La carrière de Schafer s’est toujours déroulée à l’écart du cercle très fermé de la musique contemporaine. La France le connaît avant tout pour ses écrits qui théorisent le rapport musique/nature. Il forge en 1977 la notion de « paysage sonore » dans son ouvrage The Tuning of the World. Il s’y interroge sur la pertinence du compositeur qui évolue dans l’œuvre préexistante qu’est l’environnement qui nous entoure : « Nous sommes les compositeurs de cette immense et miraculeuse composition qui se joue autour de nous, et nous avons le choix de l’améliorer ou de la détruire. Nous pouvons y ajouter du bruit ou des sons magnifiques ».
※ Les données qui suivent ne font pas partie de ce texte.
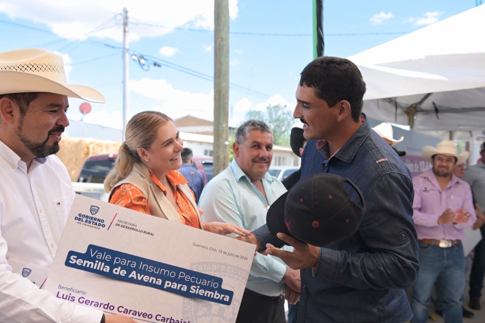 En el stand de la Secretaría de Desarrollo Rural, acompañó la distribución simbólica de insumos y créditos emergentes por 250 mil pesos, que en conjunto con el Fideicomiso Estatal para el Fomento de las Actividades Productivas del Estado, se otorgan con un 5 por ciento de interés anual para financiar a los trabajadores agrícolas y pecuarios.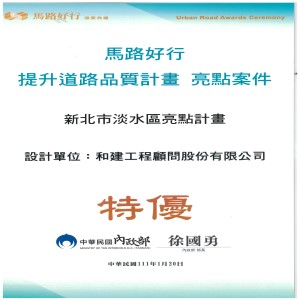 榮獲 內政部『馬路好行提升道路品質計畫 亮點案件 新北市淡水區亮點計畫 -設計/監造 特優』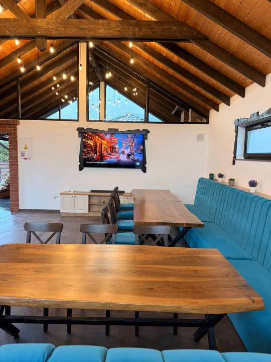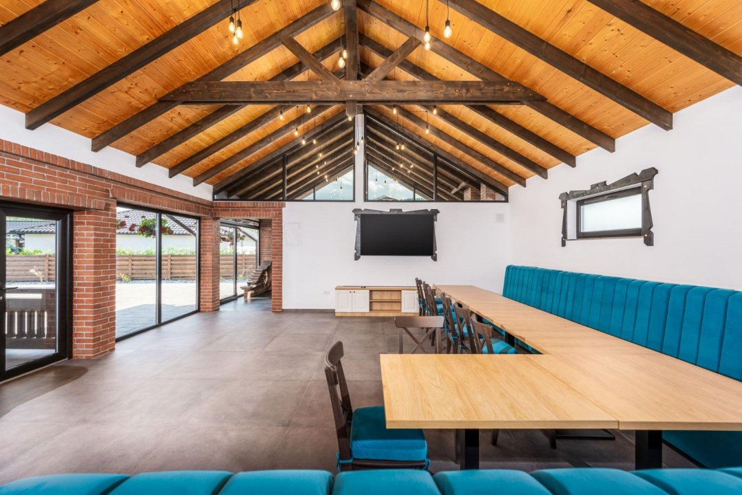 Pavilion de tip foisor inchis, generos cu zona de servire a mesei si ideal pentru petreceri private. Totul este amenajat cu foarte mult bun gust, atentie la detalii, materiale si finisaje de calitate. Bucatarie complet utilata. Terasa spatioasa si curte amenajata cu pavele, usor de intretinut. Parcare privata. Panouri solare capacitate 18 kw. Pompa de caldura capacitate 20. Cheltuieli minime de intretinere. Acces rapid la toate atractiile zonei.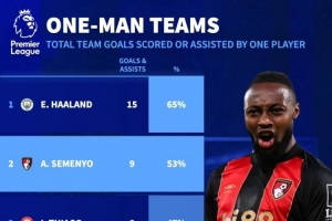 依賴!哈蘭德參與全隊(duì)65%進(jìn)球英超居首,塞梅尼奧53%次席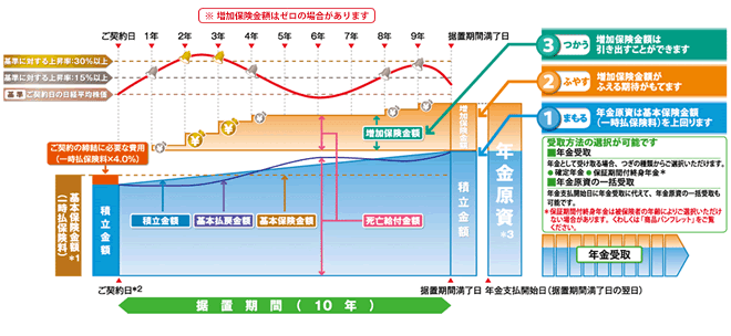 - *3年金原資とは、年金支払開始時における将来の年金をお支払いするために必要なお金のことをいいます。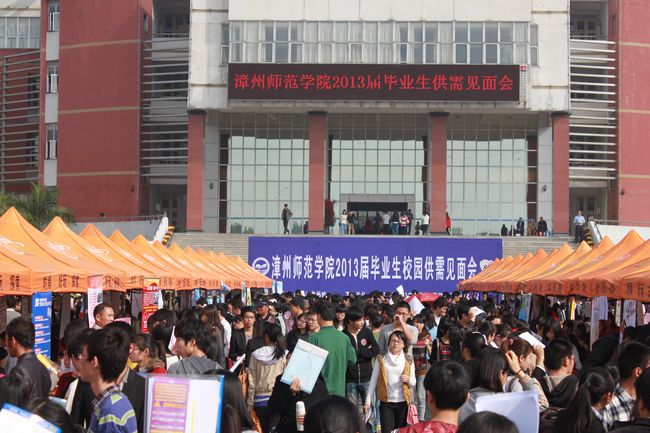 12月15日,漳州师范学院2013届毕业生校园供需见面会在登录入口弦歌广场举行。供需会由登录入口与厦门市人才服务中心联合举办。漳州市公务员局吴苏武、厦门市人才服务中心主任程常建、校招生就业处、部分院系等单位负责人到场指导。漳州地区5000多名毕业生参与应聘。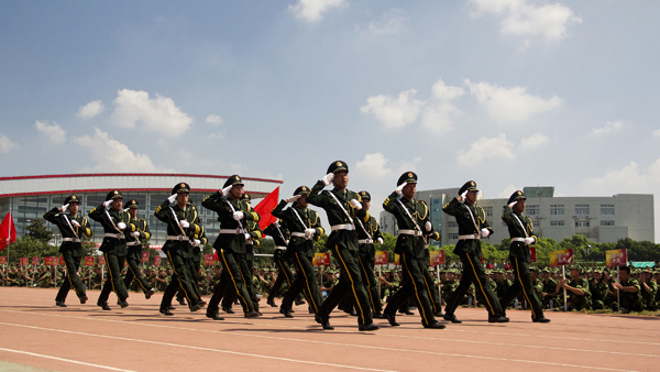 升旗仪式后,阅兵式正式开始。校党委书记孙惠敏在副书记林长兴、副校长李羽陪同下首先对军训师进行了检阅。随后,在雄壮的解放军进行曲中军训师进行了分列式表演,各方队激情高亢的口号、整齐划一的步伐、昂扬向上的军容赢得了在场领导和师生的阵阵掌声。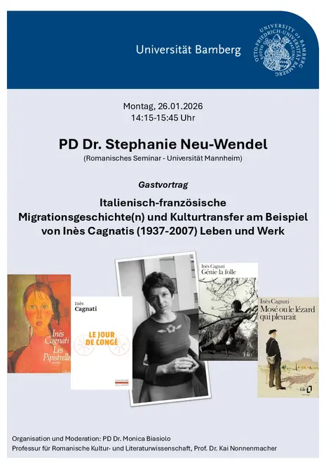 - 19.01.2026, Gastvortrag zum Thema Italienisch-französische Migrationsgeschichte(n) und Kulturtransfer am Beispiel von Inès Cagnatis (1937-2007) Leben und Werk, Vortragende: PD Dr. Stephanie Neu-Wendel, Romanisches Seminar - Universität Mannheim
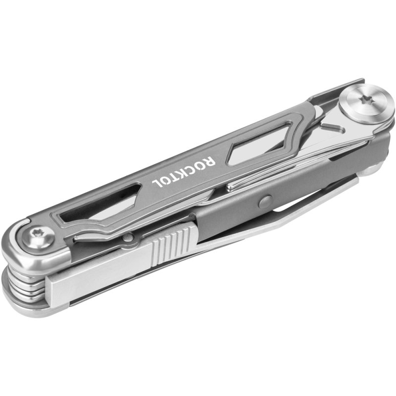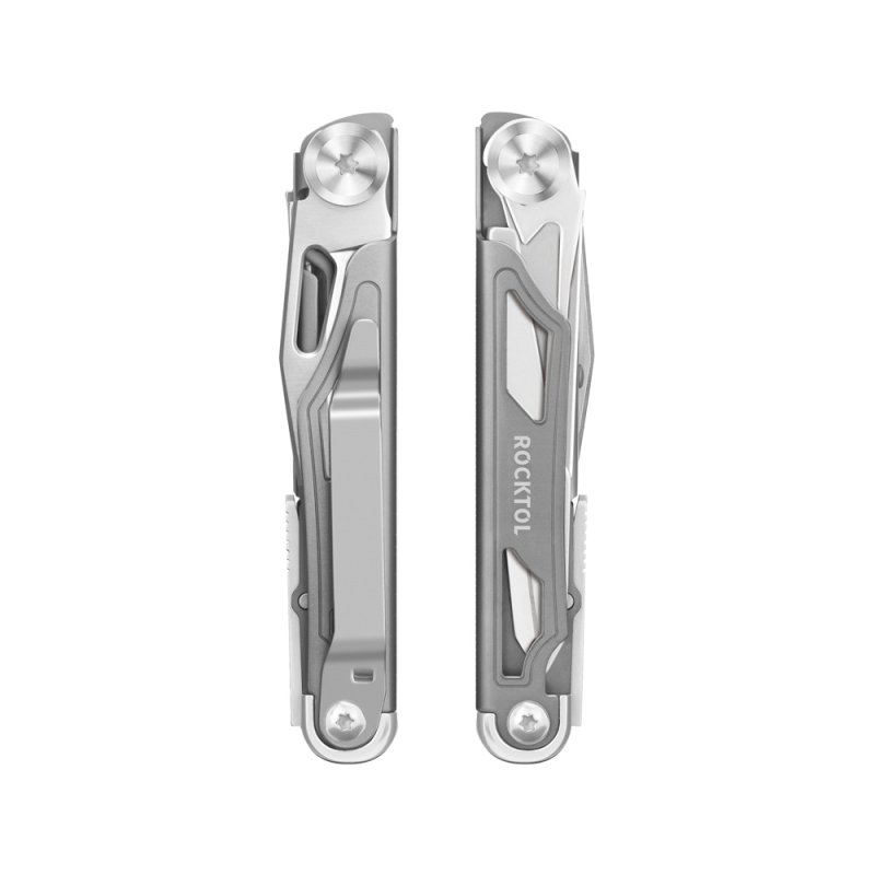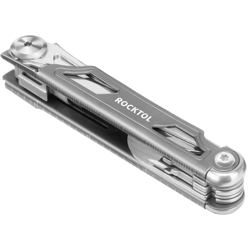 Складной карманный нож Rocktol оснащен 12 функциями все в одном, включая лезвие ножа длиной 2,68 дюйма, большие ножницы, отвертки Phillips № 1 и 3/16 дюйма, отвертки с прорезями и для стаканов, открывалки для банок и бутылок, устройство для снятия проволоки, шило, линейки и встроенный зажим для кармана.

Compositeur prolifique, Schafer se rend célèbres pour ses pièces à jouer en pleine nature : Music for Wilderness Lake est écrite pour 12 trombonistes rassemblés autour d’un plan d’eau, et son opéra The Princess of the Stars, interprété au bord d’un lac, doit coïncider avec le lever du soleil sur celui-ci. Par son éclectisme, son langage défie les canons et catégories de l’époque. Il témoigne autant d’un intérêt pour les techniques de composition européennes (aléatoire, théâtre musical, électronique) que pour des modes d’expression plus divers (large part de l’improvisation, notation graphique…). On reconnaît d’ailleurs dans ses partitions sa carrière avortée de peintre : elles sont de petits bijoux de calligraphie et de dessin, et il n’est parfois absolument pas nécessaire de lire la musique pour pouvoir les déchiffrer.
En 1987, il est le premier récipiendaire du prestigieux Prix Glenn Gould. Le président du jury (un certain Yehudi Menuhin) rend hommage à « une imagination et un intellect forts, bienveillants, et hautement originaux ; à une puissance dynamique dont les expressions et aspirations personnelles multiples sont en accord total avec les besoins et rêves de l’humanité aujourd’hui ».